Friday, March 29, 2013

Determination, persistence, Tennessee Williams, and a stuck kitchen drawer


Dusty, cramped, and with an unutterable sense of triumph, I crawled out of the cabinet.

Rick said it couldn’t be done. And when it comes to questions of mechanical engineering – or really anything related to spatial relations, hardware, or infrastructure – I defer to his expertise. That’s the kind of stuff he knows. And I don’t.

But in this case, I couldn’t accept the idea that a drawer in our kitchen could never be opened again. 

Four days earlier, I’d unloaded the dishwasher and filled that particular drawer with its customary inventory of square baking pans, cake pans, loaf pans, and pie plates. Yes, it was fairly full, but not overly stuffed. There was a place for everything and it all fit together efficiently, if a little bit snugly.

At least that’s what I thought until I closed the drawer. Somehow, and I still can’t explain quite how, when the drawer closed, it knocked a cake pan off-kilter. The edge of the cake pan wedged against the inside of the drawer, making the drawer impossible to open more than a fraction of an inch.

And it did seem to be an intractable problem. Even though we could still open the drawer a fraction of an inch,  just wide enough to fit in an implement like a spatula or a butter knife, there was no place for any of the items to go. Nothing would budge. Especially not the item wedged against the edge of the drawer, keeping it from opening.

The situation bothered me in part because it made me feel like a character in a Tennessee Williams play. Kitchen Drawer Forever Stuck Shut, no matter how often family members yank at it and curse it, its contents forever denied to even the owners of those very same contents. Along with the paper lantern over the bare lightbulb in Streetcar Named Desire and the fragile figurine in Glass Menagerie, the broken drawer just seemed to be shouting its symbolism. This family has a drawer that won’t open! What do you suppose that might mean about them?

But the drawer also had all my baking pans, and life without baking just isn’t an option in our household.

I couldn’t take no for an answer. Opening the drawer a fraction and sticking things in – a butter knife, a frosting spatula, a metal skewer, a screwdriver, a wire coat hanger, a pie server – didn’t help at all. Above the drawer was immovable countertop, and the front panel of the drawer didn’t have any screws to loosen or any way of being removed either.

For four days, whenever I had a few minutes to spare, I contemplated the drawer. Or stuck things into it, or rattled it. But to no avail. Rick’s prediction seemed accurate; nothing was going to change the situation.

Finally it dawned on me. The front of the drawer didn’t open enough to be of any help, but if the front was moving, then by an obvious law of physics, the back of the drawer had to be moving as well, didn’t it?

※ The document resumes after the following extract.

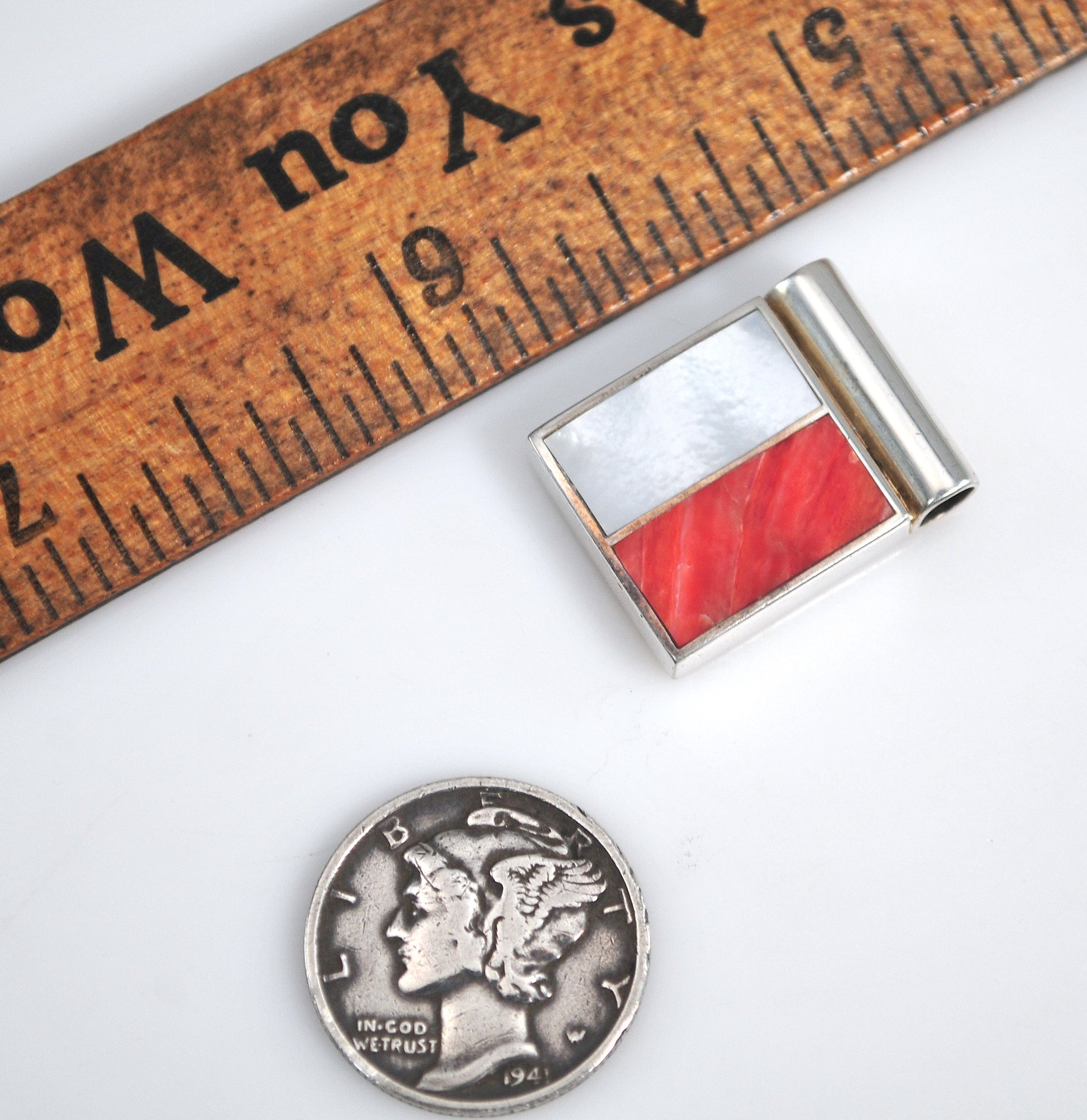 Nicely made 950 silver slider pendant is signed 950 and a maker's mark and features geometric inlay of Spiny Oyster and Mother of Pearl.
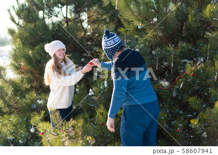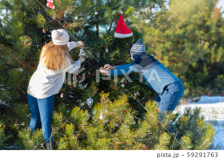 a guy with a girl decorates a green Christmas tree

I emptied out all the pots and pans from the cabinet underneath the drawer and crawled into it. Then I told my daughter to pull the drawer forward as far as she could, and I found I could just barely slip my fingers up through the back of the drawer. Just enough to inch the pans I could touch a tiny bit farther back.

Which meant Holly could then inch the items at the front of the drawer a tiny bit farther back as well. Not enough to nudge the offending pan loose, but enough that we could then open the drawer a tiny bit farther. And reaching from the back again, I could lift the items farthest back in the drawer over the top and down into the cabinet.

In less than a minute, the job was done. The drawer was open, the pesky cake pan freed. I crawled out of the cabinet and crowed immodestly.

“This is the most proud I have ever been of myself!” I said.

“Really? More than when you got into college?” Holly asked.

Yes, because my college wasn’t that hard to get into, I thought to myself, but didn’t want to set a bad example by making my kids think that cake pans were more important than college, so I backpedaled a little. “Well, getting into college is important too, but this is amazing!” I said. “I actually fixed something!”

Tennessee Williams and heavy-handed symbolism aside, that was the bottom line for me. I’d persisted. I’d figured out that the key was to forget about the parts that don’t move; find the moving part and figure out how to leverage it. And I’d followed a gut feeling that despite what more mechanically inclined people told me, somehow there was a way to fix this.

I’d like to think that even in my mid-40’s, I’m not too old to draw life lessons when they hit me over the head. Don’t give up. Believe in your convictions. Think outside the box. Don’t put all your faith in naysayers. Try and try again.

Okay, maybe the messages I’m taking from it are a little heavy-handed after all. Maybe the symbolism of the story is too obvious even for Tennessee Williams. But it was worth it to me. I surprised myself with a rare moment of mechanical aptitude. It was more exciting than getting into college. And now I think I’ll bake a cake to celebrate. Using every single one of my (only slightly dented) cake pans.